On April 24, an Atlanta-based company agreed to pay $2.7 million to resolve allegations that it violated the False Claims Act by failing to implement adequate cybersecurity measures to protect health information obtained through a contract with the Pennsylvania Department of Health to provide staffing for COVID-19 contact tracing. The government alleged that the company transmitted confidential and/or personally identifiable information in unencrypted emails, that it stored and transmitted information through Google files that were not password protected, and that staff used shared passwords to access the information. The government also alleged that the company received complaints for at least five months before the company started remediating the issue. The settlement resolves a qui tam lawsuit brought by a former staff member at the company, who will receive a $499,500 share of the lawsuit.[25]
On April 25, a healthcare management company and its subsidiaries agreed to pay $4.2 million to resolve allegations that it knowingly submitted false Medicare claims. In particular, the government alleged that the company retained overpayments for hospice care claims when the patients were not terminally ill and therefore ineligible for hospice care. This settlement resolved a qui tam suit brought by a former employee, who received $672,000 of the settlement.[26]

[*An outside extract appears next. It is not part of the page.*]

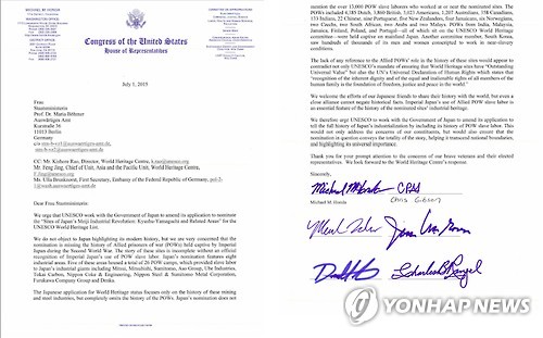 | △ 미 하원 연명서한 "전쟁포로 반영 안된 日세계유산 등재 반대" (워싱턴=연합뉴스) 심인성 특파원 = 유네스코 세계유산위원회(WHC)가 4일(현지시간) 일본의 산업혁명시설에 대한 세계유산 등록 여부를 결정할 예정인 가운데, 미국 연방 하원의원들이 공개적으로 반대하고 나섰다. 마이크 혼다(민주·캘리포니아) 의원을 비롯한 미 하원의원 6명은 3일 마리아 뵈머 세계유산위원회 의장 앞으로 연명 서한을 보내 "이번 등재 신청에는 2차 대전 당시 연합국 전쟁포로의 역사가 포함돼 있지 않다"며 반대 입장과 함께 세계유산위가 일본 정부에 등재 신청을 수정하도록 공식 요구해야 한다고 촉구했다. 연명 서한에는 혼다 의원 이외에 크리스 깁슨(공화·뉴욕), 마크 타카노(민주·캘리포니아), 짐 맥거번(민주·매사추세츠), 대럴 이사(공화·캘리포니아), 찰스 랭글(민주·뉴욕) 의원 등 민주, 공화 양당에서 초당적으로 참여했다. 사진은 연명 서한. 2015.7.4 seephoto@yna.co.kr |
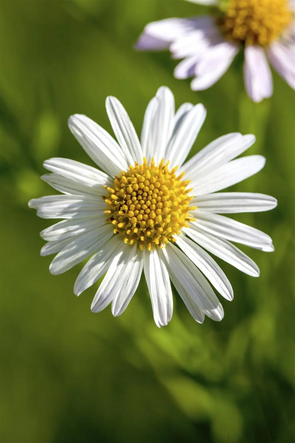 The Ox-eye daisy (Leucanthemum vulgare) is an upright perennial that forms white, basket-shaped flowers from July to September. Its lanceolate leaves are medium green. In a sunny to semi-shady location with well-drained soil, it usually reaches a height of approx. 40 cm and is approx. 40 cm wide. The Ox-eye daisy is well tolerant of frost.

On May 6, the owner and operator of multiple medical diagnostic and laboratory-related LLCs agreed to pay $27 million to resolve allegations that he and his companies conspired to violate the FCA by submitting false claims to federal healthcare programs for medically unnecessary cancer genomic tests (CGx) procured through illegal kickbacks. In particular, the government alleged that he and his companies conspired with telemarketers to solicit Medicare beneficiaries for CGx tests and conspired with telemedicine providers to prescribe medically unnecessary CGx tests. The government further claimed that he and his companies conspired with reference laboratories that would perform the CGx tests, and with billing laboratories and a hospital to submit claims to Medicare and Medicaid. The Floridian owner and operator previously pled guilty to criminal healthcare fraud related to this same conduct in 2022. As part of this settlement agreement, his companies agreed to be excluded from all federal health care programs. This settlement resolves three related qui tam actions, including one action brought by a minority owner of one of the LLCs, who will receive approximately $4.7 million of the settlement amount.[27] The portion of the settlement that the other relators will receive is not specified.
On May 8, a Michigan healthcare practice agreed to pay approximately $2 million to resolve allegations that it submitted claims for improperly supervised medical care to Medicare and Medicaid. In particular, the government alleged that the company submitted claims to Medicare and Medicaid for procedures performed by physician assistants in nursing home facilities without the required doctor supervision. The state of Michigan will receive approximately $66,000 from the settlement.[28]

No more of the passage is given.